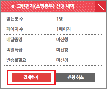 위와 같은 창이 뜨면 배달증명, 익일특급 여부, 반송불필요 여부 등을 확인 후 결제하기를 눌러주시면 됩니다.
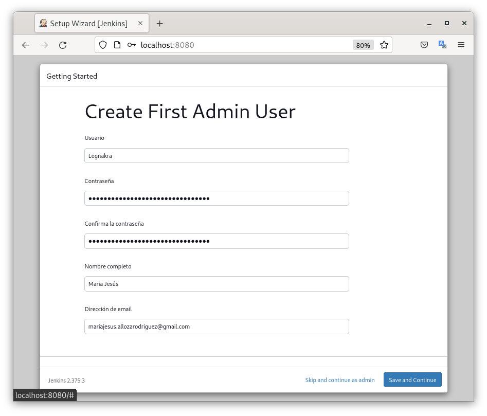 - Seleccionamos la dirección de Jenkins y pulsamos en continuar.
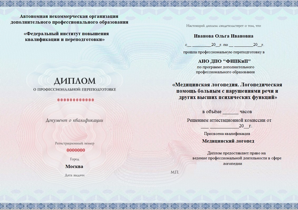 Диплом о профессиональной переподготовке, дающий право на ведение профессиональной деятельности в избранной сфере.
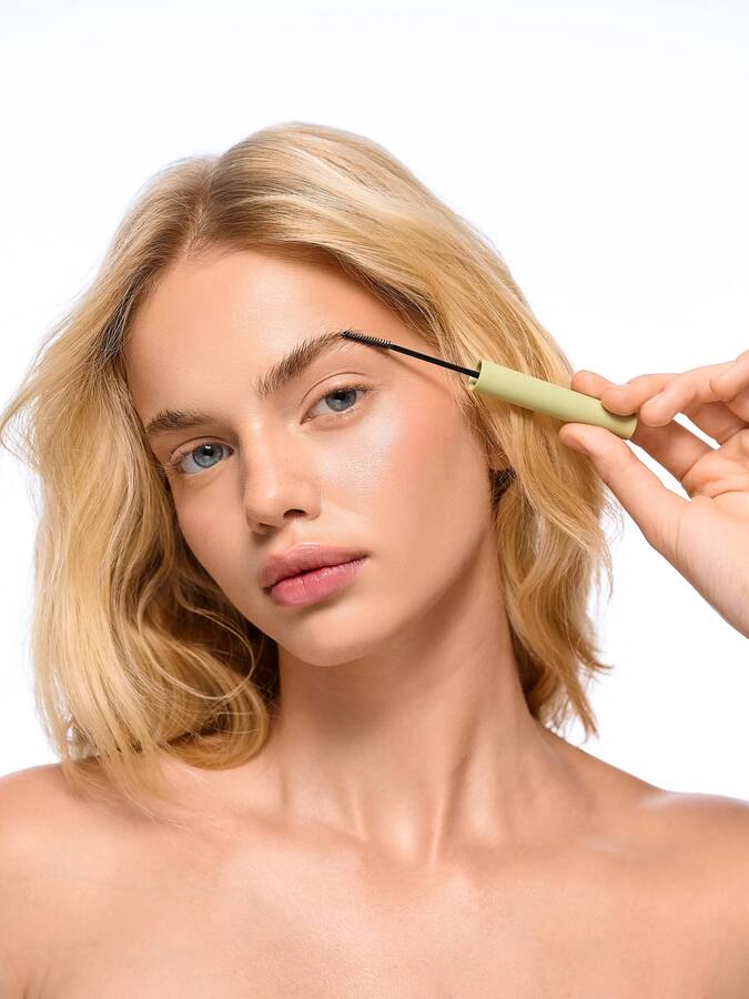 Нанесите небольшое количество геля на брови с помощью щеточки, придавая им необходимую форму. Оставьте до полного высыхания.

§ **Your assignment**
Starting with the line that contains "- Seleccionamos la", repeat each line exactly until the listing ends, including the last one. Leave pictures out.

§ **Solution to this problem**
 - Seleccionamos la dirección de Jenkins y pulsamos en continuar.
 Диплом о профессиональной переподготовке, дающий право на ведение профессиональной деятельности в избранной сфере.
 Нанесите небольшое количество геля на брови с помощью щеточки, придавая им необходимую форму. Оставьте до полного высыхания.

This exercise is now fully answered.